Давным-давно, когда нигилистов и анархистов еще не изобрели, а филистеры (то есть филистимляне) были всего лишь племенем, упомянутым в Ветхом Завете, тем единственным типом отрицания, который только можно было себе представить, являлось отрицание бытия Бога. Но все равно «атеизм», известный уже древним грекам, – это слово, которое появляется в современных европейских языках только в XVI веке[19]. До этого никто, похоже, не мог вообразить возможность столь прямого отрицания социально санкционированных ценностей. Все несогласные классифицировались как еретики, то есть люди, у которых отрицание христианства само выступало дьявольской формой христианства, а не люди, которые отрицали ценность христианства как таковую. И даже когда атеизм был отделен от ереси в качестве отдельной категории, сам этот термин использовали не неверующие, чтобы называть самих себя, а теологи, боровшиеся с предположительно неверующими.

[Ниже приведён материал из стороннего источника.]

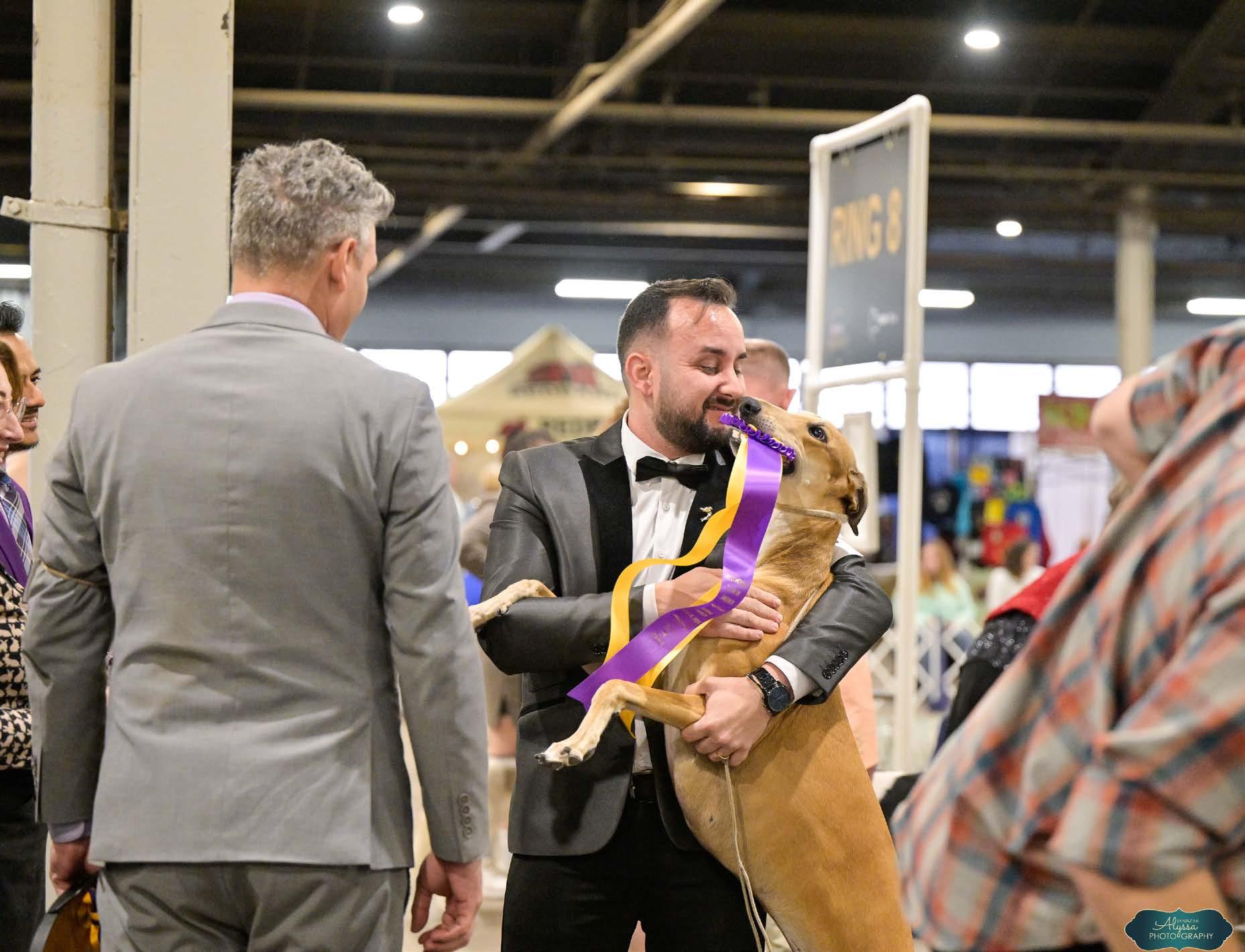 I am a fourth-generation breeder, owner, and handler who has been attending dog shows since a young age. My great-grandmother, Janet Souza, became involved in shows with her American Staffordshire Terriers in 1968. Simultaneously, my grandmother, Linda Souza, discovered her passion for dog shows through Old English Sheepdogs. In 1971, Janet and Linda purchased their first Irish Wolfhound, Ch. Roaree of Limerick, and began breeding under the Limerick prefix. Limerick Irish Wolfhounds have enjoyed great success in the ring, earning prestigious awards such as Best in Show at Santa Barbara, AKC Hound Group Breeders of the Year, and winning the National Specialty. My mother, Jamie, was quickly drawn to shows and continued the family dynasty by breeding Irish Wolfhounds, Whippets, Salukis, and Afghan Hounds. When I came along, it was inevitable that I would follow in their footsteps. My fondest childhood memories are sitting ringside at California shows, watching my mother and grandmother handle Wolfhounds, and soon enough, I began doing the same.

Положение атеизма в Европе раннего Нового времени, подробно исследованное в последние годы, указывает на ряд поразительных сходств с современным положением филистерства. Считалось, что атеистов так много, что они стали проклятием отдельных стран. По словам одного современного историка, «Если судить <…> по ученой литературе тех времен, “атеиста” можно было найти едва ли не в каждом уголке Франции раннего Нового времени»[20]; но не только во Франции: Ги Патен сетовал на то, что «Италия – это страна оспы, отрав и атеизма»[21]; тогда как Томас Фуллер вторил многим другим авторам, заявляя, что «Атеизма в Англии надо страшиться больше папства»[22]. Как признавал Фрэнсис Бэкон, подобное неразборчивое применение термина привело к тому, что стало казаться, будто атеистов больше, чем на самом деле, но даже он не сомневался в том, что атеизм является реальной угрозой: «Те, кто отрицает Бога, уничтожают благородство человека, ибо человек по телу своему, несомненно, близок животным; и если он не будет близок Богу по своему духу, то останется презренным и низменным созданием»[23].

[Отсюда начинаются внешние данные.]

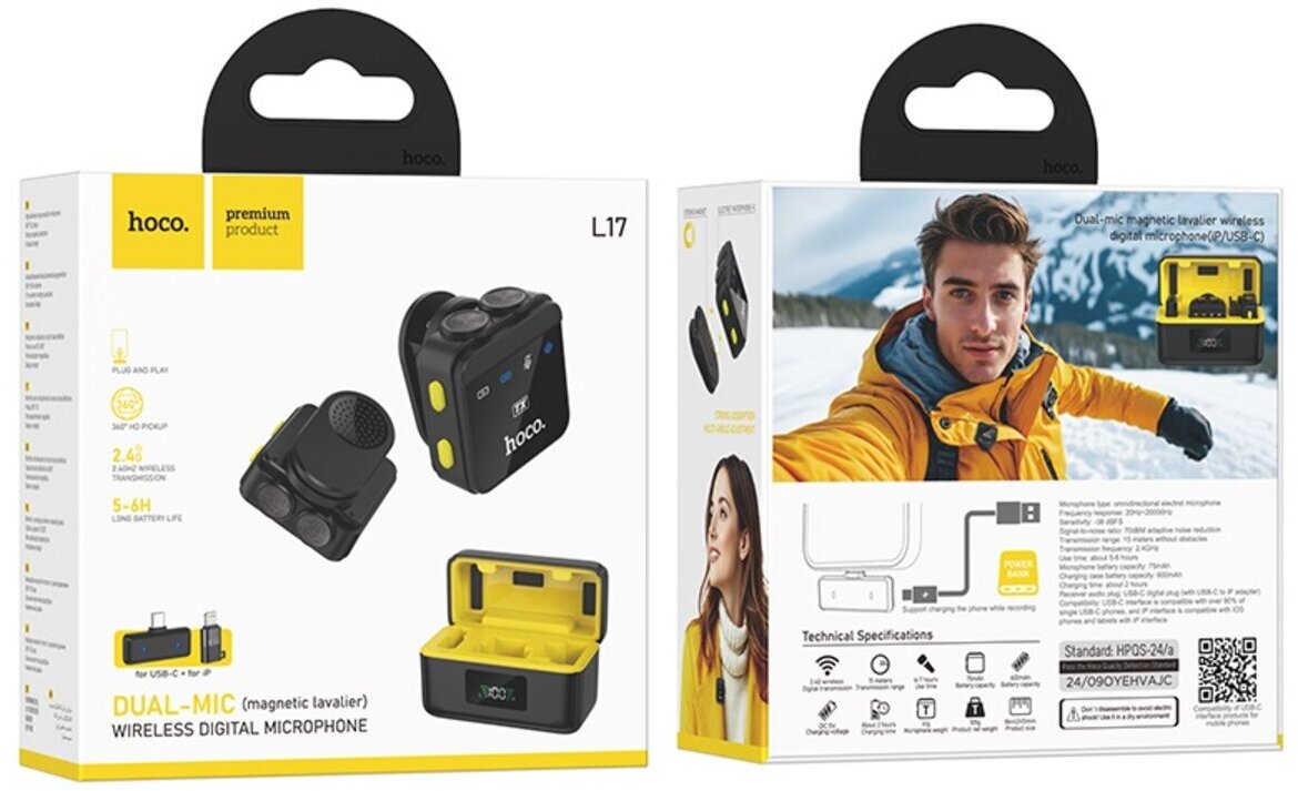 Hoco L17 Dual-mic — це стильний і функціональний інструмент, який задовольнить потреби професіоналів та любителів у записі чистого звуку. Він стане незамінним помічником у створенні якісного контенту.

Подобно филистерству, атеизм повсеместно проклинался как форма интеллектуального членовредительства: по словам Лорана Полло, атеисты, должно быть, «вырвали себе глаза, лишь бы только не видеть Бога ни в его творениях, ни в его слове»[24]. Действительно, атеизм считался настолько глубоким извращением, что многие комментаторы доказывали его логическую немыслимость. И даже если его возможность допускалась, все еще можно было утверждать, что общество атеистов рухнуло бы под грузом собственных противоречий. Немногие поддержали Пьера Бейля, указавшего на то, что общество атеистов все же может быть жизнеспособным[25]. Так что, хотя атеизм повсеместно разоблачался, его существование считалось невозможным. Позже Юм отметил: «Ни одному вопросу не было посвящено большее число философских рассуждений, чем доказательству существования Бога и опровержению ошибок атеистов; и тем не менее наиболее религиозные философы до сих пор еще спорят о том, может ли человек быть настолько ослепленным, чтобы прийти к атеизму спекулятивным путем?»[26].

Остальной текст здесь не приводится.